Foundation for Autonomous Driving: High-Performance, Massive Storage
As vehicles with L2 and higher levels of autonomy operate on roads, data collected from the on-board sensors will be used not just to operate vehicles, but in data centers to train even more sophisticated inferences. Experts estimate that autonomous vehicles could generate as much as 40 TB of data per hour3
from the cameras, sensors and other technology that the vehicles use to operate. The amount of data generated depends on the sensor technology, the number of sensors used and the resolution of the sensors.
For example, a 720p camera with a 1 Mbps bitrate generates 5MB of data every minute. Higher-resolution cameras – 1080p for example – generate up to 10.3 GB per minute. Each vehicle may have six or more cameras, and drivers spend about one hour driving every day4
. For 720p cameras, this translates to 1.8TB of data generated per vehicle per day. Add in more sensors – RADAR and LiDAR sensors for redundancy or more cameras for better coverage and the data generated increases incrementally.
A small percentage of the data collected –~30% – will be uploaded and used for training inference models. Given this, it will only take a small fleet of 62,000 autonomous vehicles to generate 1 Petabyte of uploaded data per month. Keep in mind, there are 276 million vehicles5
on the roads in the United States!
Furthermore, ADAS and AD developers are increasingly using the data collected during driving to generate synthetic video to quickly increase the training data set as more data leads to better inferences. Developers can reconstruct and alter environments (ex: an intersection or stretch of highway) and insert vehicles, pedestrians and other objects for any number of scenarios. Synthetic video also helps guarantee inclusion of high-quality data for corner case scenarios in the training data set.

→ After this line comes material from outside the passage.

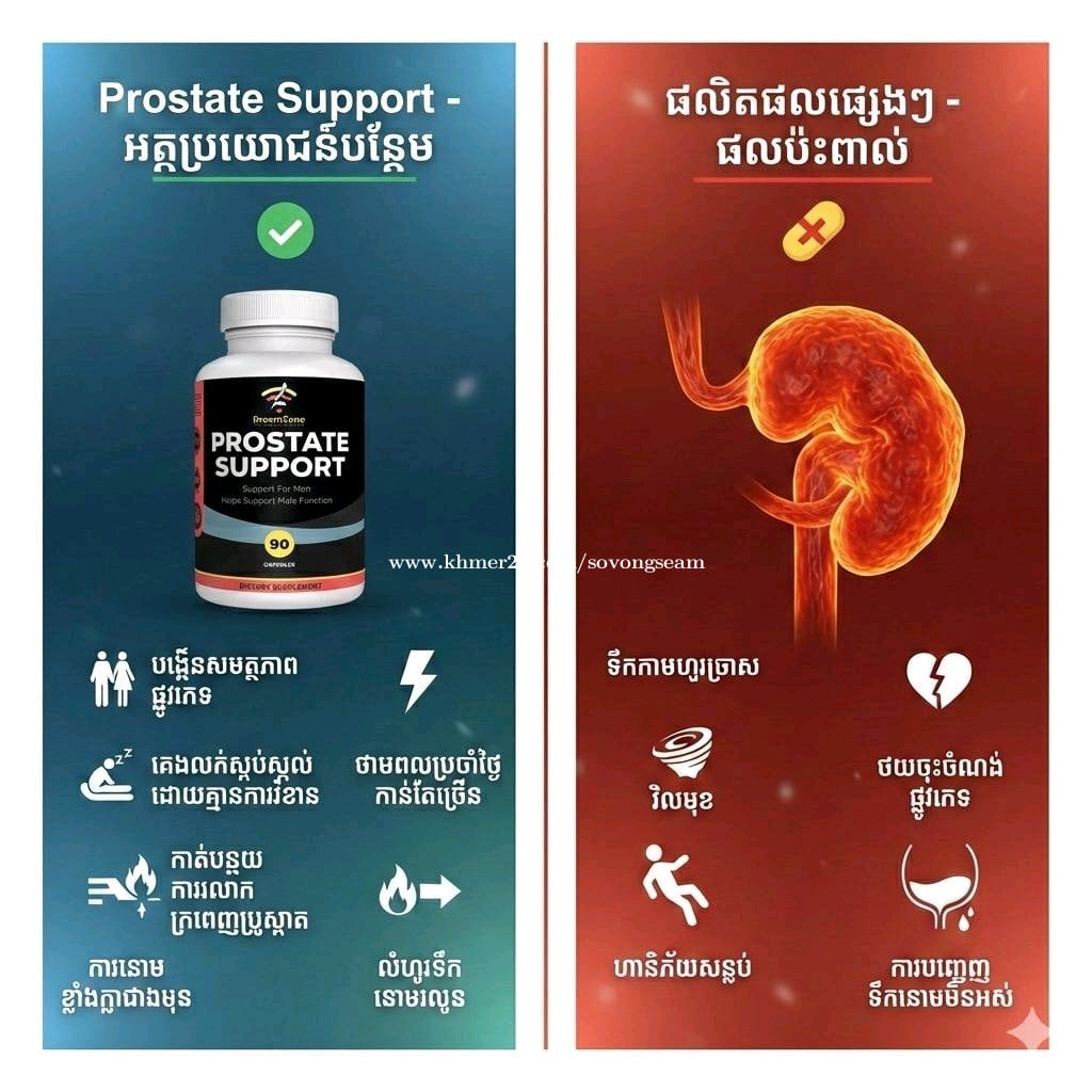 កុំបណ្តោយឱ្យបញ្ហានោមរំខានដល់ក្តីសុខ និងទំនុកចិត្តរបស់បងៗ! 🛡️✨ តើបងៗកំពុងហត់នឿយនឹងការក្រោកនោមញឹកនៅពេលយប់ ឬបារម្ភពីសុខភាពតម្រង់នោមមែនទេ? Prostate Support គឺជាជំនួយការដ៏ចម្បងសម្រាប់សុខភាពបុរស៖ ✅ ដោះស្រាយបញ្ហា៖ នោមញឹក នោមទាស់ និងការពារការរលាកក្រពេញប្រូស្តាត។ ✅ គុណភាព៖ ស្តង់ដារសុទ្ធពីអាមេរិក ជឿជាក់បាន ១០០%។ ✅ ចំណេញ៖ ១ ទីបមាន ៩០ គ្រាប់ ប្រើបានយូរ និងមានប្រសិទ្ធភាព។ 👉 សុខភាពល្អ នាំមកនូវភាពជឿជាក់! កម្ម៉ង់ថ្ងៃនេះ ដើម្បីជីវិតរីករាយជាងមុន។

Data center storage requirements are set to increase exponentially as ADAS and AD systems move to higher-resolution sensors, more vehicles equipped with these systems are sold, and massive amounts of data generated from synthetic video continues to increase.

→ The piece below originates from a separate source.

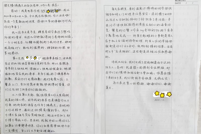 “我是电影学院的一名学生,感受到你们是一个有爱心、有敬业精神、有专业能力的团队,谢谢你们的悉心照顾……”不久前,中心收到一封感谢信,字里行间表达着对医护人员和工作人员的感激之情。

In addition to scalability to address ever growing datasets, key SSD requirements for inference training include high I/O performance to quickly transfer large sets of data and low latency to minimize the time required to feed data to the CPU and GPUs during training.
To accomplish this, data center architects will need to design systems which support the latest SSD interfaces while looking ahead to products on the horizon. For example, high-performance SSDs that support PCIe 5.0 can provide a significant improvement to data centers tasked with inference training. With a top capacity of 15.36TB, Samsung recently released its PM1743
enterprise SSD featuring a sequential read speed of up to 13,000 MB/s and a random read speed of 2,500K IOPS, delivering ~2x performance over the previous PCIe 4.0 generation of products. Built with Samsung’s advanced sixth-generation V-NAND, the PM1743
is designed to process vast quantities of data to meet the advanced requirements of high-performance servers.